Friday, March 12, 2010

an even earlier post-rock

David Griffiths spots an appearance of "post-rock" even earlier than Ellen Willis in 1968 -- and in a Time magazine September 22 1967 cover story on The Beatles of all places. In "Pop Music: The Messengers"Time staff writer Christopher Porterfield says:

Rich and secure enough to go on repeating themselves —or to do nothing at all—they have exercised a compulsion for growth, change and experimentation. Messengers from beyond rock 'n' roll, they are creating the most original, expressive and musically interesting sounds being heard in pop music. They are leading an evolution in which the best of current post-rock sounds are becoming something that pop music has never been before: an art form. "Serious musicians" are listening to them and marking their work as a historic departure in the progress of music—any music.

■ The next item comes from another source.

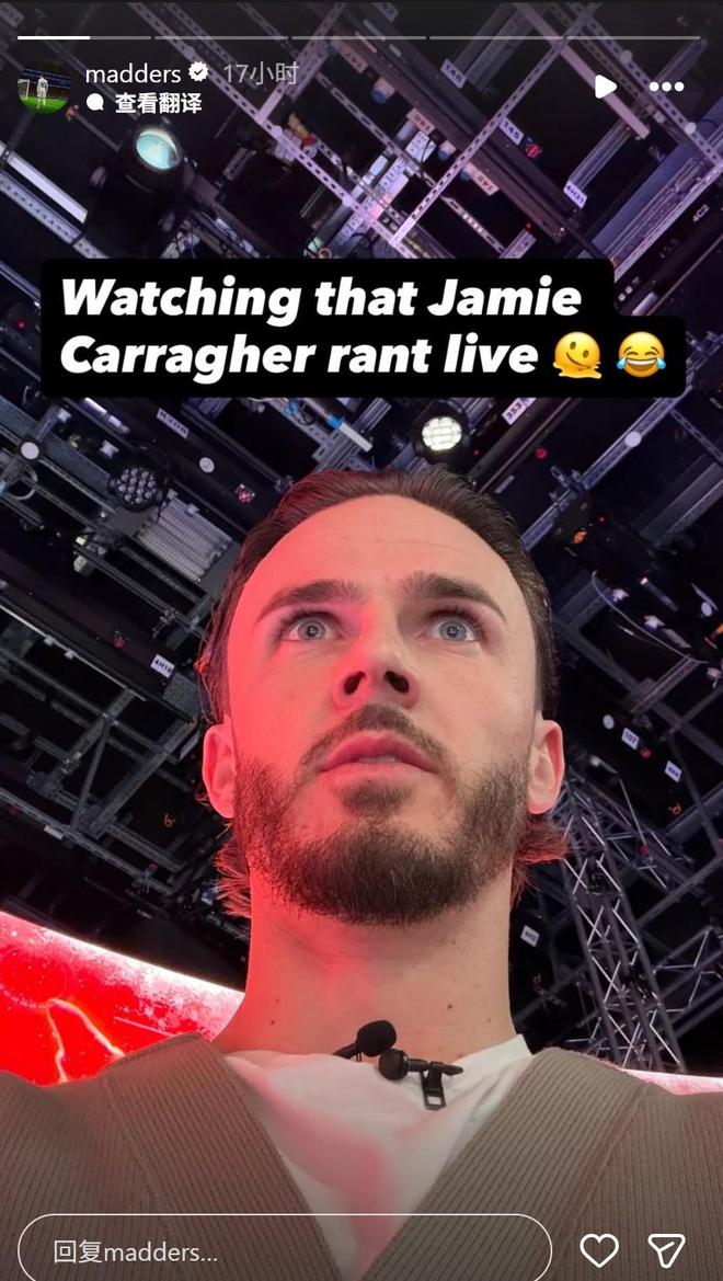 在《天空体育》节目中,利物浦传奇、评论员卡拉格炮轰萨拉赫长达8分钟,他直言萨拉赫的行为是一种耻辱,而且认为萨拉赫在混采区停下来接受采访是他和经纪人一起精心安排的,在一旁的麦迪逊目睹了全过程,他在个人社媒晒出了自己的震惊脸。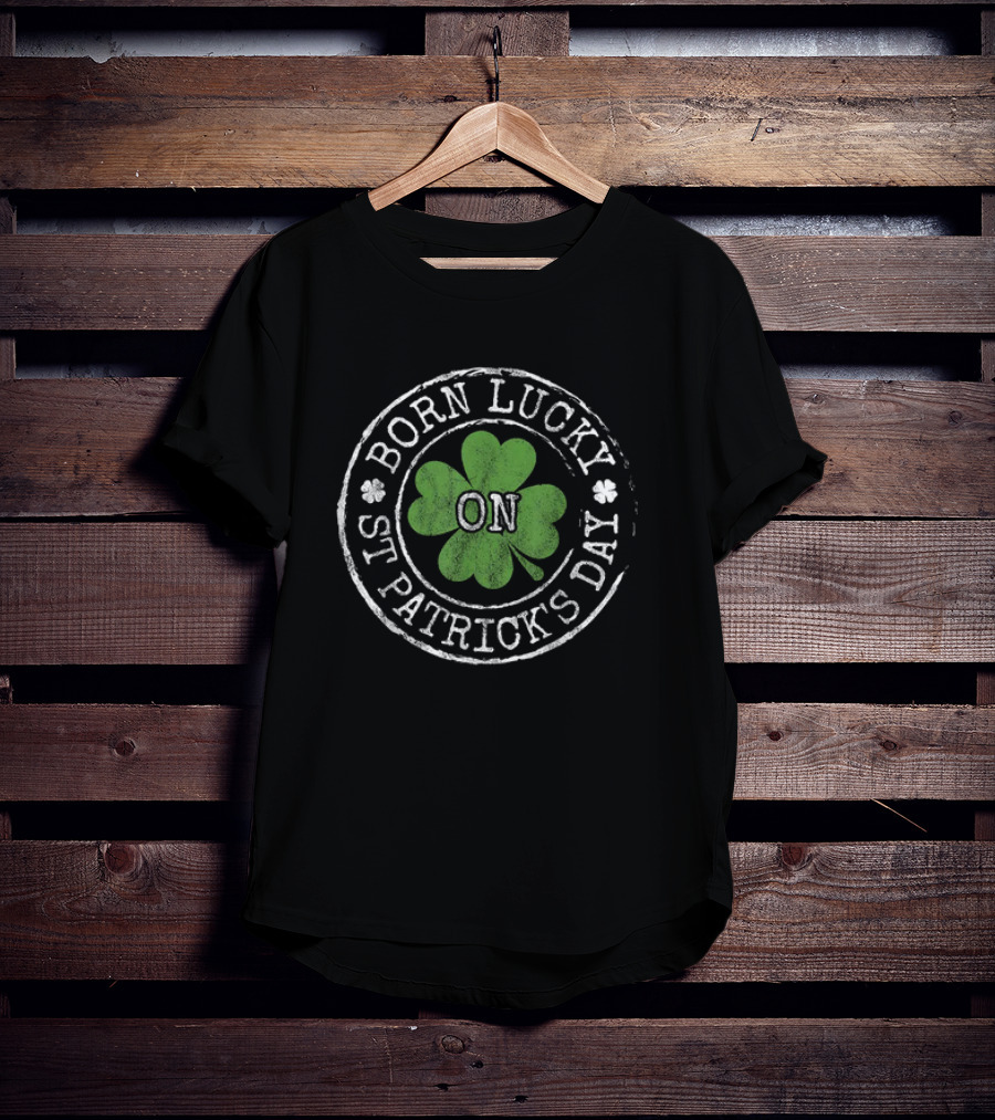 Born Lucky On St Patricks Day Irish Clovers T-Shirt

Later in the piece there's a subsection titled "Sound Pictures", and the quotes from George Martin anticipate Eno and studio-as-compositional-tool:

George Martin, the producer whose technical midwifery is helping to make the steps possible, likens them to the shift from representational painting to abstractionism. "Until recently," he says, "the aim has been to reproduce sounds as realistically as possible. Now we are working with pure sound. We are building sound pictures."

In fact, some observers predict that "sound pictures" may prove to be the medium through which the Beatles—and the more adventurous rock groups in their wake—can merge with "classical" contemporary music. Already, says Robert Tusler, who teaches 20th century music at U.C.L.A., "the Beatles have taken over many of the electronic concepts in music that have been worked on by the German composers of the Cologne group. They've made an enormous contribution to electronic music".


So post-rock was not only an achieved reality by the summer of 1967 (or earlier still, with "Strawberry Fields Forever" and 1966's "Tomorrow Never Knows") but already beginning to be conceptualised.